By 1928, a third of black school children in the rural south were taught in Rosenwald Schools. Those were small two-room schools built to educate African-Americans. There were more than 300 in Virginia alone.
One of those very schools, and the community that supported it, will be honored in Lynchburg this weekend.
Cynthia Gaines’ cousin grew up in Lynchburg in the 1930’s and went to the Megginson Rosenwald School.
“It was a two-room elementary school. They had two teachers. On one side it was first through third,” says Gaines. “And then on the other side I believe it was 4 through 7.”
Gaines has worked to uncover the history of this school for the past year, and this weekend her work will be rewarded when the school is granted a historical marker.
In recent years, Virginia has made a concerted effort to honor the history of these schools. Julius Rosenwald was a wealthy philanthropist.
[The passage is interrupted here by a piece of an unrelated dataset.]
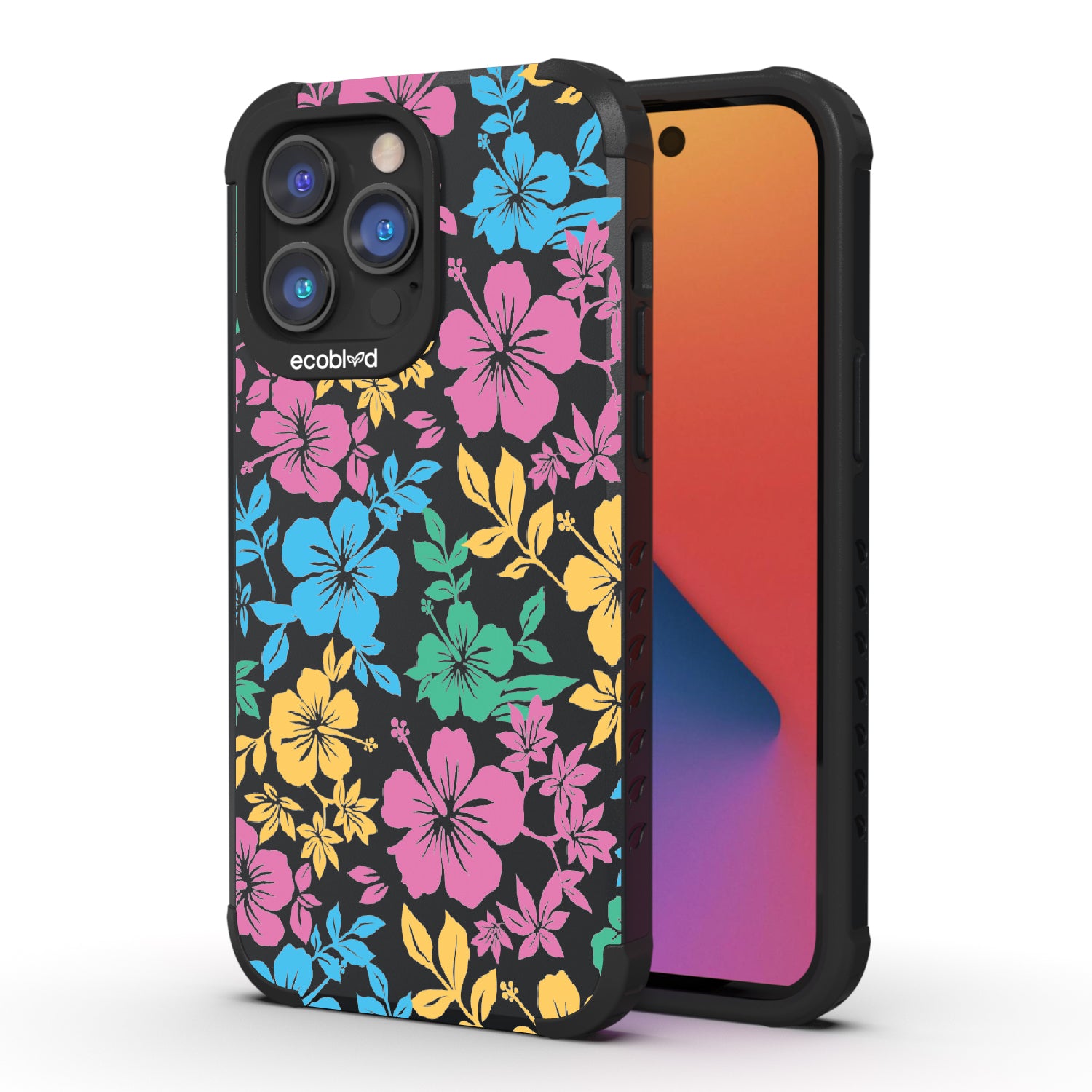 Experience the laid-back vibes of the tropics with our Lei'd Back design on our Mojave rugged and compostable iPhone 14 Pro phone case, a colorful homage to the vibrant beauty of Hawaiian leis. his design showcases an array of tropical hibiscus flowers in yellow, pink, green, and blue, reminiscent of traditional lei arrangements. Enjoy the relaxed lifestyle of an island as you escape to the spirit of aloha.

He worked with Booker T. Washington to fund, build and staff the schools.
But it was each individual community that kept them running, says Gaines. Like in Lynchburg, where a local man donated two acres of land. And Gaines’ own grandfather drove the bus.
“Campbell County was not going to provide transportation for these children,” she says.
Justin Sarafin is with Preservation Virginia. He’s been working to document and memorialize Virginia’s Rosenwald Schools.
“One of these schools on the landscape is to me, more powerful, and the perfect sort of counterpoint to - say- a contentious, Confederate, wanna-be Confederate monument if you will,” says Sarafin.
By the end of the year, Preservation Virginia hopes to have data on how many of the schools still stand. A launching off point, Sarafin says, in advocating for their preservation.